Она, впрочем, не думала сопротивляться мне серьезно и скоро уступила моим усилиям, в изнеможении упавши на диван и разразившись громкими рыданиями.
Я начал разбирать бумаги. Это были три длинных письма Оверина, обращенных, как видно было из первых строк, к Наталье Петровне,— так звали горничную Лизы, от имени которой, вероятно, и писала ему сестра.
— Отдай их ему…— с усилием проговорила Лиза среди рыданий, которые душили ее и коверкали ее лице в безобразные гримасы.— Он надо мной смеется! Пусть! Смейтесь надо мной! Я не боюсь!
Рыдания ее становились громче и громче. Я подошел к ней и взял ее за руки.
— Лиза, голубушка, полно — успокойся! никто не будет смеяться,— ласково сказал я.
Сестра прижалась к моей груди своим заплаканным лицом.
— Тебе он все рассказал? смеялся? — прошептала она..
— Он мне ничего не говорил и никогда никому не скажет. Я сам все слышал…

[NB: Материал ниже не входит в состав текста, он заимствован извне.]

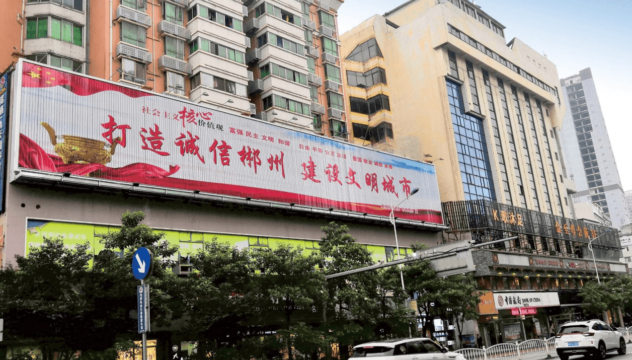 郴州戶外大牌三面翻廣告價格收費多少錢?郴州樓體廣告牌位置優勢

— Никому не говори,— опять прошептала сестра, прижимаясь ко мне, как будто просила защиты.
— Никому не скажу.
— И отдай мне письма,— нерешительно прибавила Лиза.

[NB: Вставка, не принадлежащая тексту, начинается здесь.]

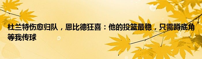 杜兰特伤愈归队,恩比德狂喜:他的投篮最稳,只需蹲底角等我传球

Она успокоилась и села на диван.
Уж много раз сравнивали улыбку на плачущем лице хорошенькой женщины с солнцем, весело освещающим землю, только что омытую дождем. Глядя на улыбающуюся Лизу, по щекам которой еще блестели полоски слез, я был совсем обезоружен и целиком забыл назидательную речь, приготовленную мной для изобличения всего неприличия ее поступков с Овериным.

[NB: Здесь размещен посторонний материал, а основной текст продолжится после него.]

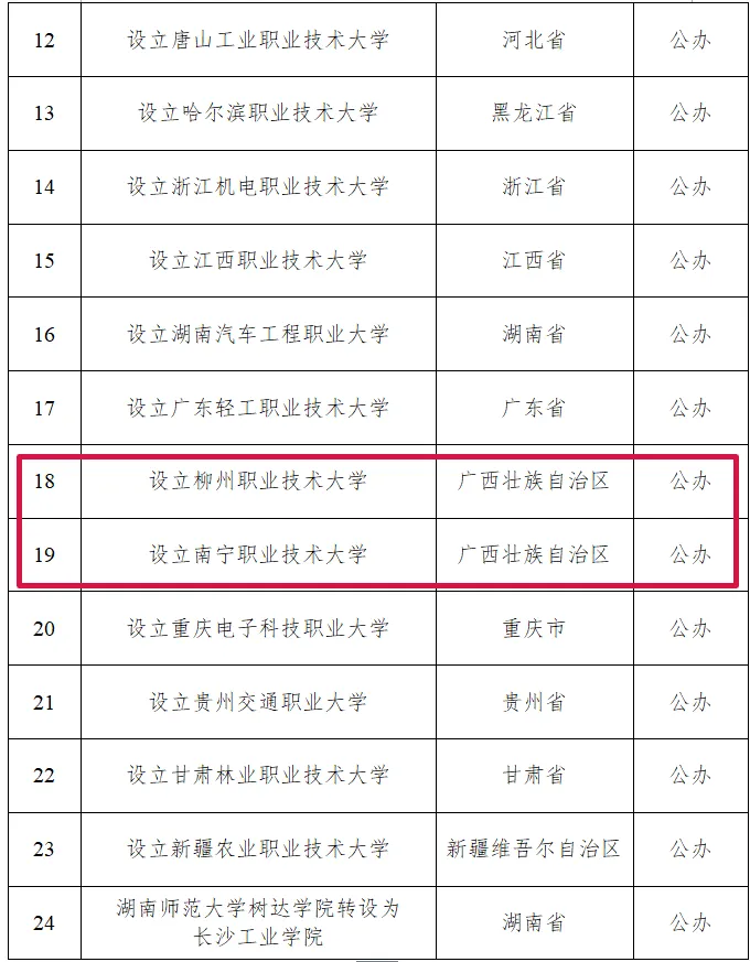 5月15日,教育部发布《关于拟同意设置本科高等学校的公示》,根据《中华人民共和国高等教育法》《普通高等学校设置暂行条例》《普通本科学校设置暂行规定》《本科层次职业学校设置标准(试行)》等有关规定以及第八届全国高等学校设置评议委员会考察评议结果,经教育部党组会议审议,拟同意设置康复大学等24所学校,现予公示。其中,广西有两所高校在列:南宁职业技术大学、柳州职业技术大学。

— Нашла же ты предмет для ухаживания,— смеясь сказал я,— вот скорее этот (я разумел бюст Крылова, стоявший на камине) слезет отсюда и будет объясняться в любви, чем Оверин.
— Я люблю его,— в порыве откровенности решительно объявила Лиза.
— С чего ты начала писать ему? Черт знает, дичь какая!
— Так… Он отвечал мне, я думала, что и он меня любит, а он говорит, что вообще всех любит… Я не знаю, что это за чудак! Впрочем, он сказал, что я хорошенькая, и звал к себе пить чай с паюсной икрой. Я ему назначаю свидание на валу, а он мне говорит: лучше ко мне придите — у меня есть паюсная икра, и мы будем пить чай с икрой… Ничего не понимает. Паюсная икра, говорит, очень питательна и с сладким чаем очень вкусна!
Лиза начала смеяться. Я разбирал оверинские письма. Каждая красная строка начиналась так: ‘Вы спрашиваете, как я смотрю на назначение женщины. Женщина прежде всего — человек, допустим даже, что человек слабосильный и слабоумный’ и проч., или: ‘Вы спрашиваете, как я смотрю на брак. Я не думал еще об этом и не могу сообщить своего решительного мнения, впрочем, судя по тому, что некоторые животные, напр. аисты, по-видимому, признают брак…’ и проч. и проч. Последнее письмо оканчивалось очень деликатным приглашением прекратить переписку: ‘Мне совсем некогда теперь обдумывать ответы на ваши вопросы. Вы читайте книги, сами дойдете как-нибудь до всего’. Тон писем везде был таков, как будто они были писаны не к незнакомой женщине, а к хорошему приятелю. Оверин, очевидно, нисколько не удивлялся, что какая-то Наталья Петровна интересуется его воззрениями на брак, на положение женщин и другие предметы, вызывающие на размышление.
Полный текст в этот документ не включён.